During the 1930s he also gravitated strongly towards economics and politics with a burgeoning interest in social activism. In 1934 he made the first of several trips to the Soviet Union and outwardly extolled the Soviet way of life and his belief that it lacked racial bias, despite the Holodomor and the later Rootless Cosmopolitan Campaign. He was a popular figure in Wales where he became personally involved in their civil rights affairs, notably the Welsh miners. Developing a marked leftist ideology, he continued to criticize the blatant discrimination he found so prevalent in America.
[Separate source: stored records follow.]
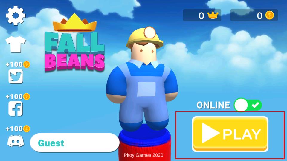 1、需要在游戲主界面,點(diǎn)擊右側(cè)黃色PLAY按鈕,以訪客Guest身份進(jìn)入多人競(jìng)技模式,正式開啟闖關(guān)旅程。
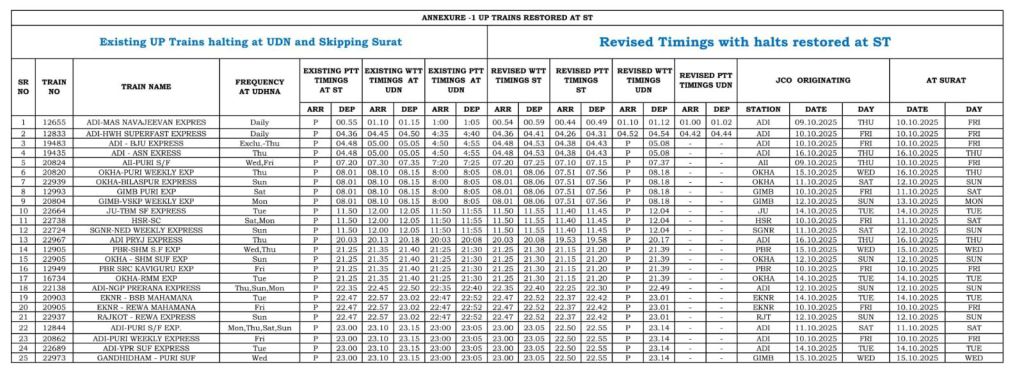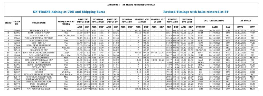 सूरत स्टेशन के स्टोपेजेस जिन्हें उधना स्टेशन पर स्थानांतरित किया गया था, उन्हें दिनांक 10 अक्टूबर 2025 से पुनर्स्थापित किया जा रहा है।
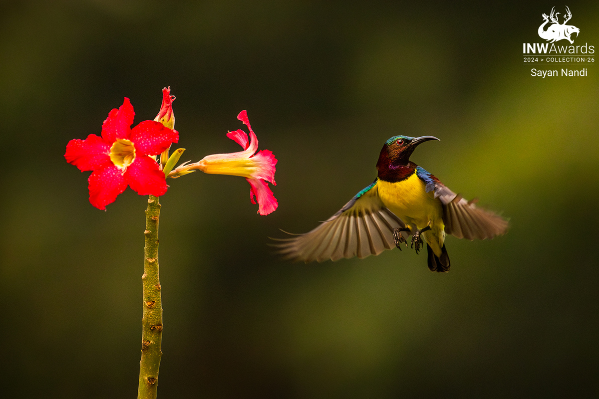 A strange behavior of male purple-rumped sunbird. It was flying toward the flower to collect its nectar and then suddenly it looked other way towards a female sunbird hearing its call. The picture was taken in Nadia district of West Bengal on November,2023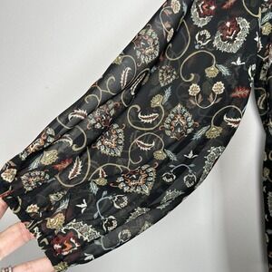 Add a pop of color to your wardrobe with this Sachin & Babi Women's Dylan Printed Cutwork Top Blouse. The intricate floral pattern and embroidered accents make it a perfect choice for any occasion, whether it's a business meeting or a party. The relaxed fit and balloon sleeves provide a comfortable and stylish fit, while the round neckline and hook & eye closure add a touch of elegance. Made with sheer chiffon material, this top is perfect for layering or wearing on its own. Available in size XS, this basic yet designer top is a must-have for any bohemian or colorful themed outfit.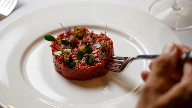 Battuta di filetto di manzo con rafano e tuorlo marinato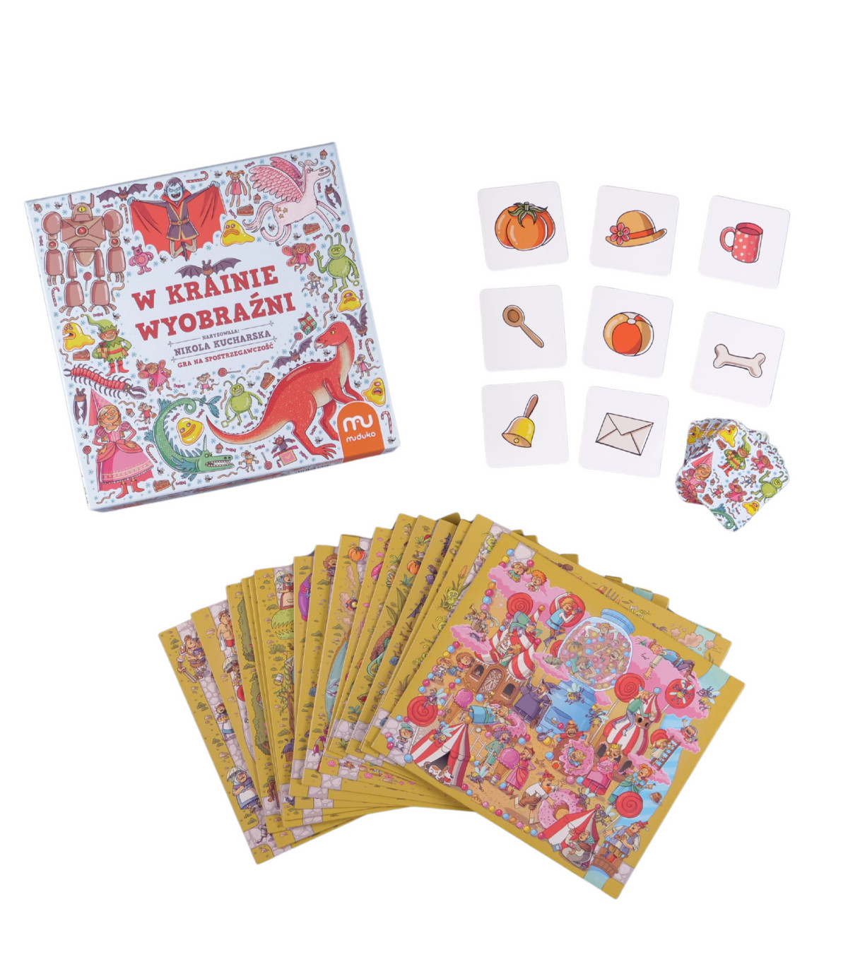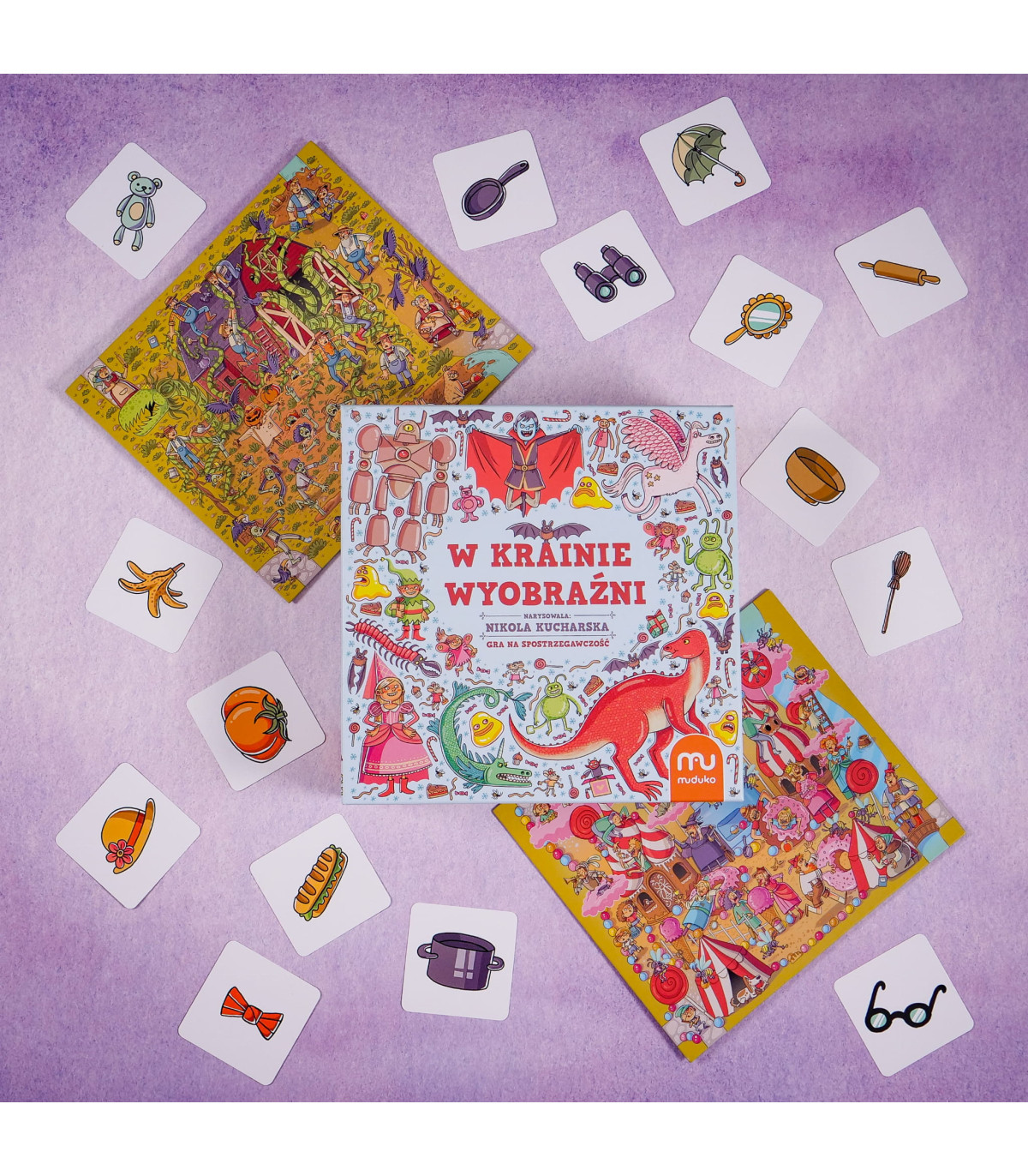 To kultowa już gra na spostrzegawczość! W Krainie Wyobraźni jest bezpośrednią kontynuacją W Krainie Baśni i W Krainie Legend – wszystkie gry można ze sobą łączyć, ale też grać oddzielnie.

The 1940s was a mixture of performance triumphs and poignant, political upheavals. While his title run in the musical drama "John Henry" (1940), was short-lived, he earned widespread acclaim for his Broadway "Othello" in 1943 opposite José Ferrer as Iago and Uta Hagen as Desdemona. By this time, however, Robeson was being reviled by much of white America for his outspoken civil rights speeches against segregation and lynchings, particularly in the South. A founder of the Progressive Party, an independent political party, his outdoor concerts sometimes ignited violence and he was now a full-blown target for "Red Menace" agitators. In 1946 he denied under oath being a member of the Communist Party, but steadfastly refused to refute the accusations under subsequent probes. As a result, his passport was withdrawn and he became engaged in legal battles for nearly a decade in order to retrieve it. Adding fuel to the fire was his only son's (Paul Jr.) marriage to a white woman in 1949 and his being awarded the Stalin Peace Prize in 1952 (he was unable to receive it until 1958 when his passport was returned to him).
Essentially blacklisted, tainted press statements continued to hound him. He began performing less and less in America. Despite his growing scorn towards America, he never gave up his American citizenship although the anguish of it all led to a couple of suicide attempts, nervous breakdowns and a dependency on drugs. Europe was a different story. The people continued to hold him in high regard as an artist/concertist above reproach. He had a command of about 20 languages and wound up giving his last acting performance in "Othello" on foreign shores -- at Stratford-on-Avon in 1959.
While still performing in the 1960s, his health suddenly took a turn for the worse and he finally returned to the United States in 1963. His poet/wife Eslanda Robeson died of cancer two years later. Paul remained in poor health for pretty much the rest of his life. His last years were spent in Harlem in near-total isolation, denying all interviews and public correspondence, although he was honored for speaking out against apartheid in South Africa in 1978.
Paul died at age 77 of complications from a stroke. Among his many honors: he was inducted into the College Football Hall of Fame in 1995; he received a Grammy Lifetime Achievement Award in 1998; was honored with a postage stamp during the "Black Heritage" series; and both a Cultural Center at Penn State University and a high school in Brooklyn bear his name. In 1995 his autobiography "Here I Stand" was published in England in 1958; his son, Paul Robeson Jr., also chronicled a book about his father, "Undiscovered Paul Robeson: An Artist's Journey" in 2001.